In my opinion nothing goes into the dishwasher but dishes. I never will use the dishwasher  for anything else. It was not designed for that


----------



## solaryellow (Jul 29, 2010)

Scarbelly said:


> I have the LEM stuffer and regularly use the LEM  food grade lube on all the moving parts.
> 
> In my opinion nothing goes into the dishwasher but dishes. I never will use the dishwasher  for anything else. It was not designed for that


How was it not designed for that? I give those parts a fairly decent handwashing first to knock off all the meat if that is what you are referring to.


----------



## old poi dog (Jul 29, 2010)

Firtst of all....congratulations to you on a great stuffer.  I've got a similar one on order as well. 


Scarbelly said:


> I have the LEM stuffer and regularly use the LEM  food grade lube on all the moving parts.
> 
> In my opinion nothing goes into the dishwasher but dishes.

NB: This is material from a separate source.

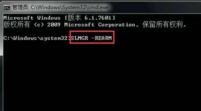 4、这样就进入了这样的界面,在该界面》后面输入SLMGR -REARM,大家注意下有个空格键;

I never will use the dishwasher  for anything else. It was not designed for that


Aloha Scarbelly,

What is food grade lube made of?  How often do you use it on your stuffers/grinders?

Thanks friend

Val


----------



## richoso1 (Jul 29, 2010)

Princess said:


> You should at least scrub ANYTHING that will touch the meat. Tubes, cylinder, baseplate, etc. You don't know who sneezed on it at the factory.
> 
> I lube gaskets & gears every 50 lbs of meat.


Good advise on safe use of a stuffer.


----------



## scarbelly (Jul 29, 2010)

Old poi dog said:


> Firtst of all....congratulations to you on a great stuffer.  I've got a similar one on order as well.
> 
> Aloha Scarbelly,
> 
> ...


----------



## coffee_junkie (Jul 29, 2010)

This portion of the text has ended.